▶ What to do: In the entries below, find the line with "为了拉近同学之间的距离、增强" and the line with "FURFUR 퍼퍼 트위드 로고 토트백 핑크"; reproduce those two lines and all lines between them exactly, without pictures.

▶ Data for analysis:
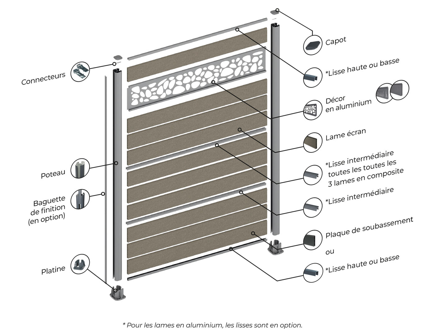 Une solution élégante et modulable qui allie le charme du bois à la modernité de l’aluminium. Grâce à sa conception astucieuse, vous composez vous-même votre écran brise vue.
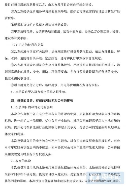 关于投资的目的和影响,公告显示,本次合作有利于各方充分发挥各自的资源和优势,更好抓住动力储能电池的市场机遇,进一步扩大产能规模,优化公司产业结构,推动公司在锂离子动力电池市场的发展,提升公司在新能源行业的影响力和综合竞争力,符合公司的发展战略规划和全体股东的利益。同时,本次投资对公司的业务独立性不产生影响,对公司未来发展带来积极影响,对公司本年度财务状况影响尚不确定,如本协议对公司本年业绩产生重大影响,公司将按照相关规定及时履行信息披露义务。
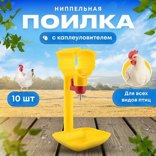 Ниппельная поилка для птиц на 360 градусов с каплеуловителем НП16 - 10 штук / Автопоилка для бройлеров, для перепелов, для цыплят Агромадана
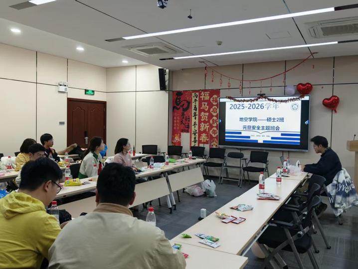 为了拉近同学之间的距离、增强班级凝聚力,同时给即将到来的元旦增添欢乐氛围,2025年12月28日晚上六点半,地球和空间科学学院2024级硕士2班于东区图书馆321会议室成功举办了元旦联欢会。本次活动首先以传统节日介绍及安全教育主题班会作为开场,并安排了趣味游戏和多项团体互动环节,同学们积极参与、踊跃配合。整个活动氛围轻松融洽,不仅为大家创造了线下交流的机会,更进一步加深了彼此的情谊,最终在温馨愉快的氛围中圆满结束,让大家在年末收获了满满的快乐与珍贵回忆。
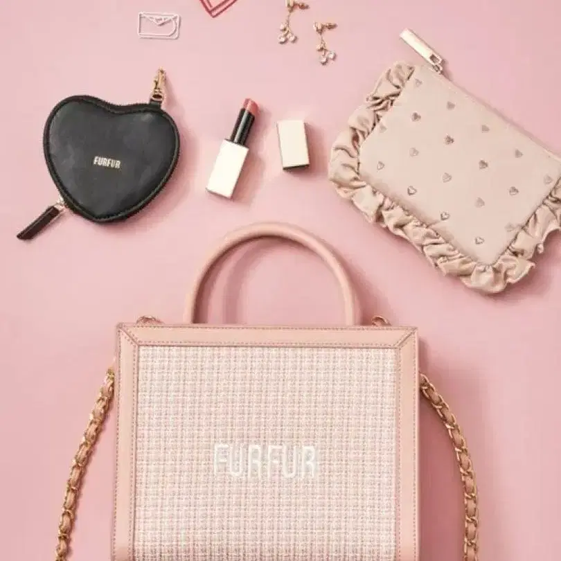 FURFUR 퍼퍼 트위드 로고 토트백 핑크
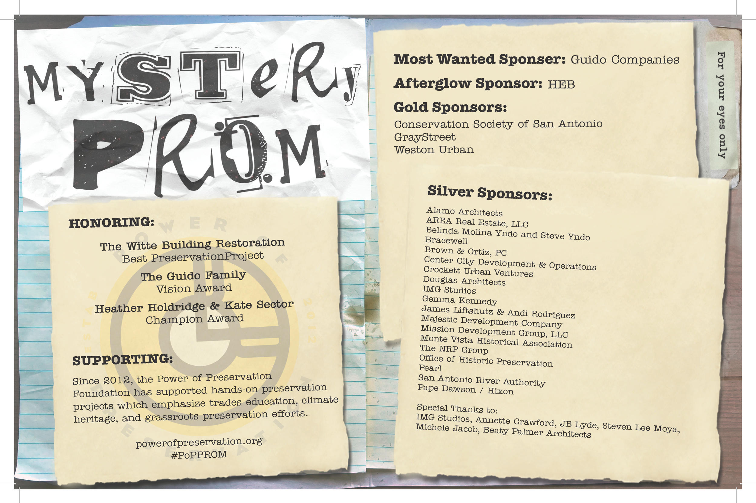 Every year, Prom celebrates in San Antonio’s historic (and unusual) spaces - a power plant, a department store, an airplane hangar, an auto dealership. But what was in the cards for Prom IX? Like any good mystery, this story was full of twists and turns - dead ends, red herrings, shell games, and alibis. The scene for Prom IX was site site of one of San Antonio’s most notorious crimes that wove together corrupt politicians, high stakes gambling, murder charges, and a dramatic raid by the Texas Ranger.
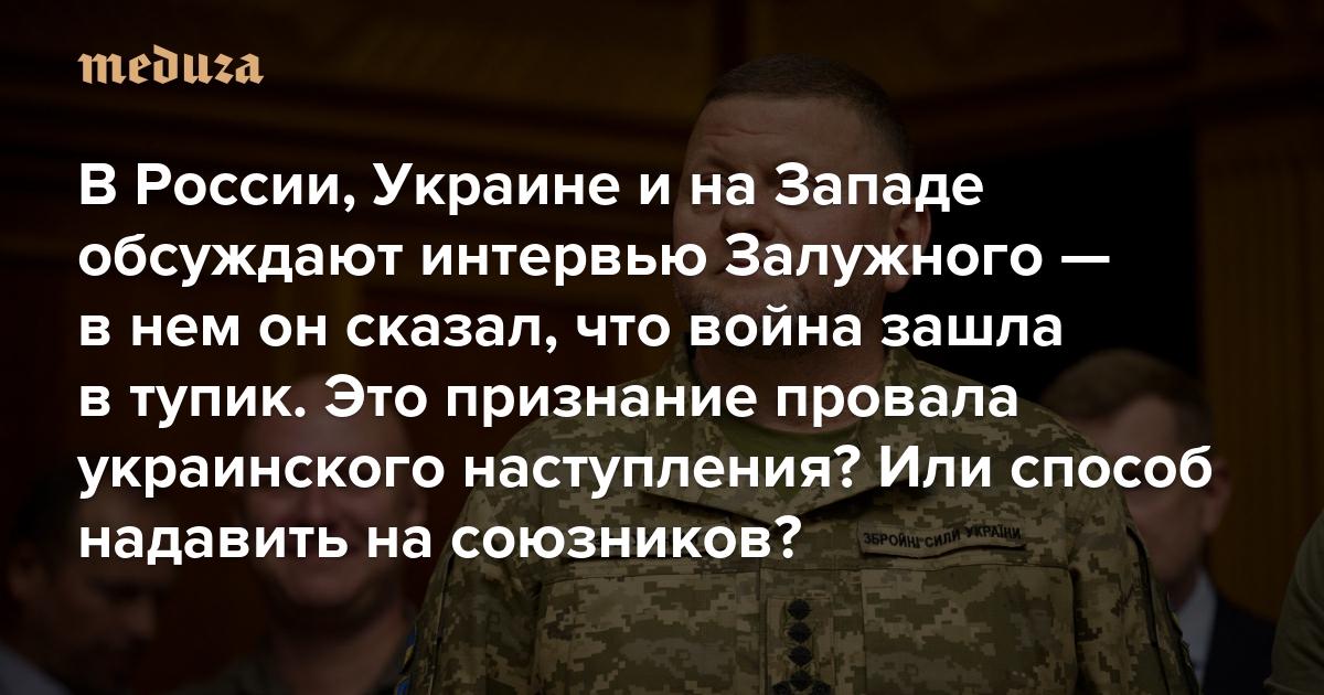 В журнале The Economist 1 ноября вышло интервью главкома ВСУ Валерия Залужного, в котором он, в частности, выразил мнение, что война с Россией «зашла в тупик». Об этом интервью много писала российская пропаганда — она делала акцент на том, что украинское контрнаступление не достигло заявленных целей. В самой Украине и на Западе многие полагают, что Залужный дал интервью, по большей части, с целью оказать давление на западных союзников, чтобы они увеличили масштабы военной помощи Украине. «Медуза» рассказывает о реакции, которую его слова вызвали в Украине, России и на Западе.
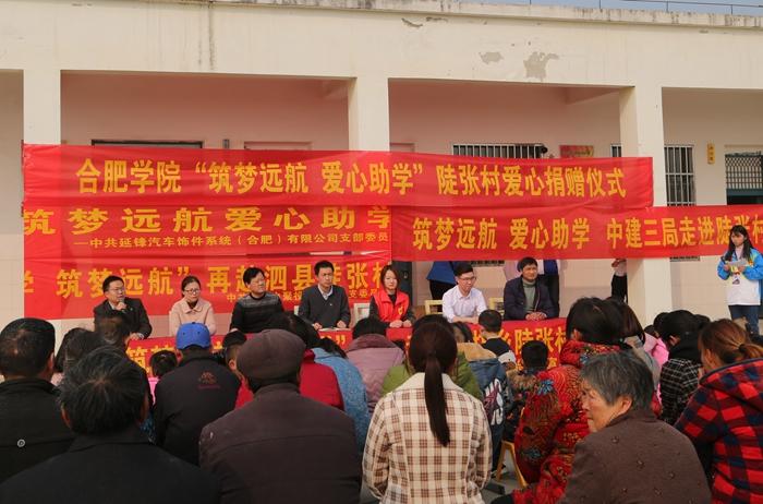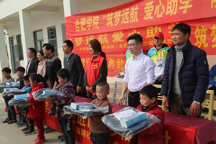 在團委齊俊老師帶領下志愿者們與始信居委會黨總支書記李正保以及轄區負責人一行前往陡張村。在校駐村干部朱世群老師的帶領下,捐贈儀式在陡張村聯合小學順利開展。李正保表示,此次活動非常有意義,通過校地聯動,愛心幫扶,使陡張村村民生活狀況有了很好的改善,希望今后加強雙方的志愿合作,祝愿合肥學院培養更多的學子為國家社會發展做出更大建設。青年志愿者學生代表閆順匯報了“筑夢遠航  愛心助學”陡張村幫扶活動近幾年開展以來取得的良好成效。大家為現場參與儀式的留守兒童和貧困學子分別發放了愛心物資,孩子們領到書包、學習用品都喜笑顏開,喜悅之情溢于言表。
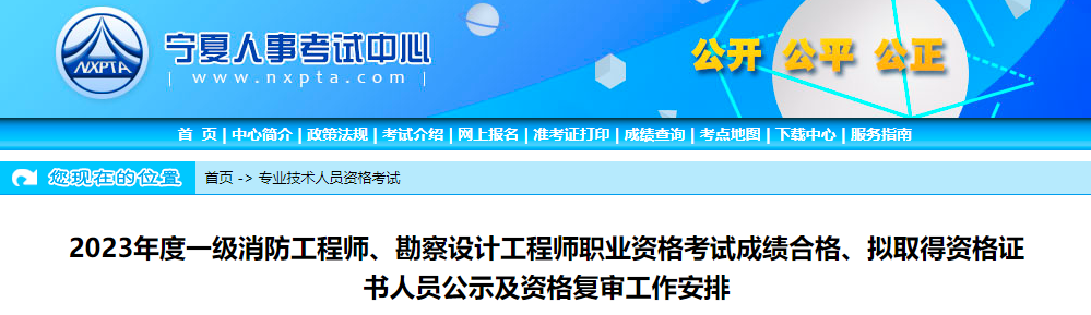 2024年1月23日,宁夏人事考试中心发布了《2023年度一级消防工程师、勘察设计工程师职业资格考试成绩合格、拟取得资格证书人员公示及资格复审工作安排》,其中明确部分宁夏一消成绩合格人员需进行考后审核,并对审核时间、地点、材料作出具体说明。
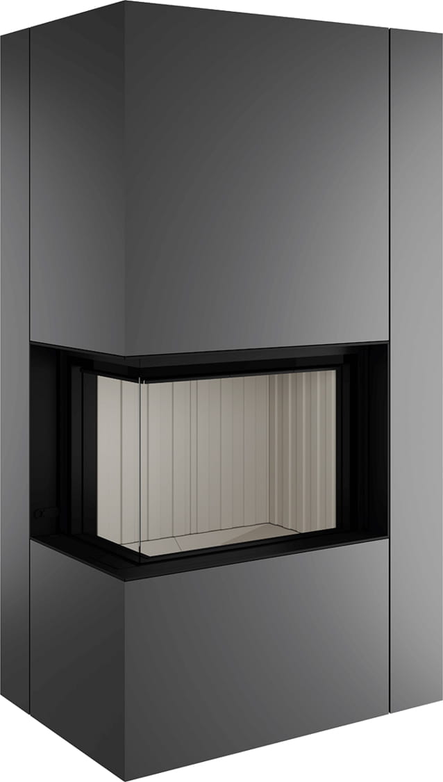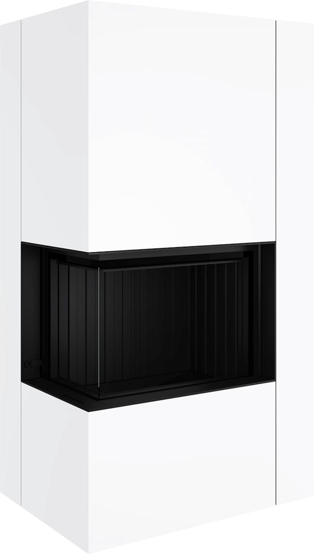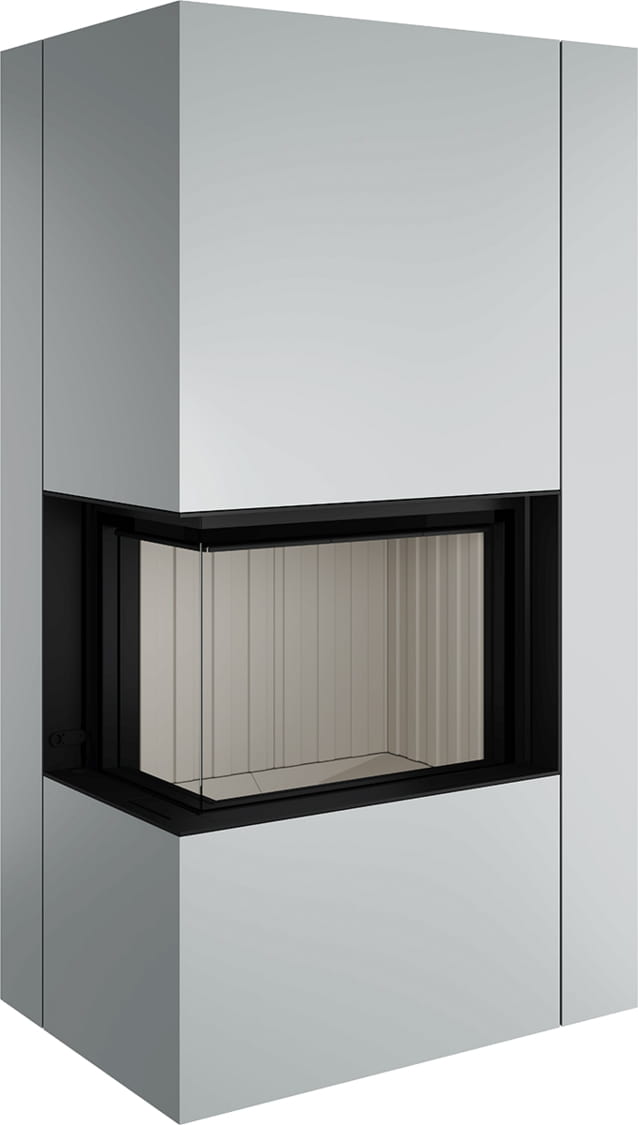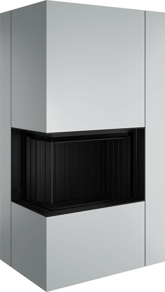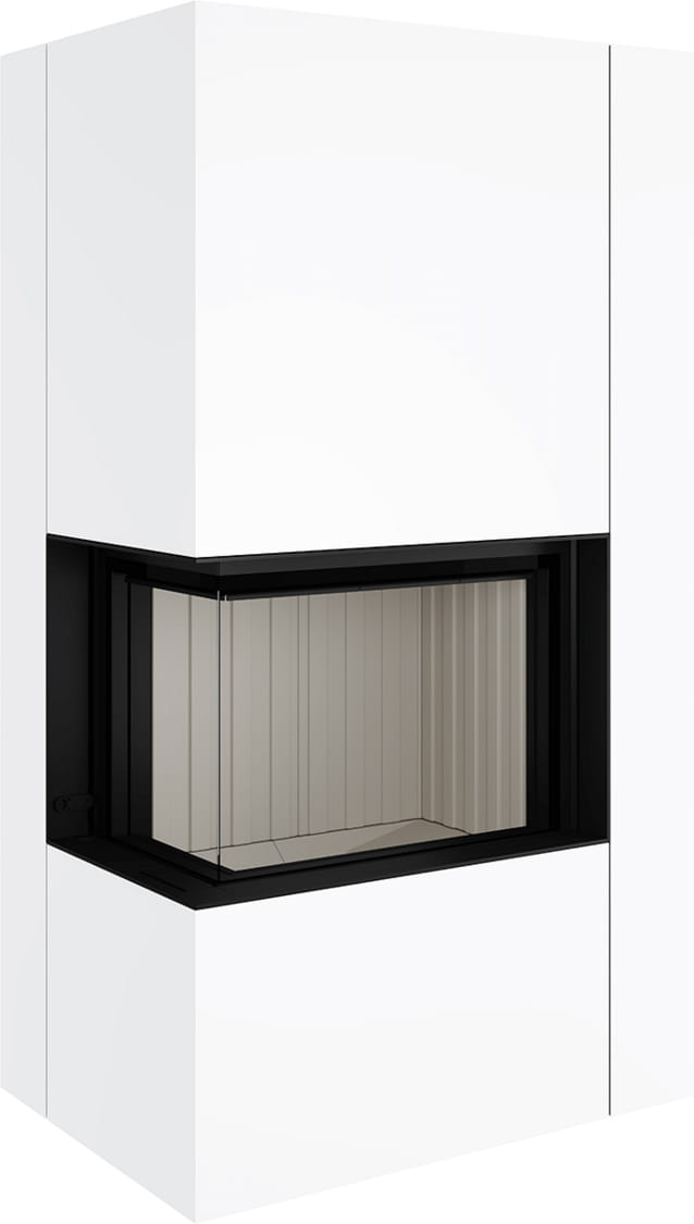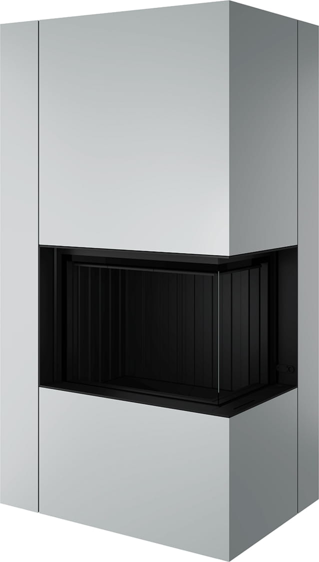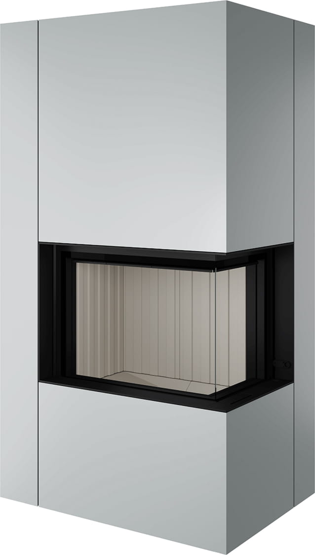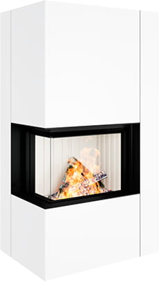 Очаг прямоугольной формы, печь можно разместить как у стены, так и в углу комнаты. Два стекла открывают отличный вид на огонь. Второе стекло расположено слева (2L) или справа (2R). Футеровка топки выполнена из шамота белого (опционально черного) цвета. Очаг с возможностью притока воздуха извне. Высота модели — 1775 мм. Дымоход диаметром 200 мм подключается сверху или сзади.

▶ Reply to the task:
 为了拉近同学之间的距离、增强班级凝聚力,同时给即将到来的元旦增添欢乐氛围,2025年12月28日晚上六点半,地球和空间科学学院2024级硕士2班于东区图书馆321会议室成功举办了元旦联欢会。本次活动首先以传统节日介绍及安全教育主题班会作为开场,并安排了趣味游戏和多项团体互动环节,同学们积极参与、踊跃配合。整个活动氛围轻松融洽,不仅为大家创造了线下交流的机会,更进一步加深了彼此的情谊,最终在温馨愉快的氛围中圆满结束,让大家在年末收获了满满的快乐与珍贵回忆。
 FURFUR 퍼퍼 트위드 로고 토트백 핑크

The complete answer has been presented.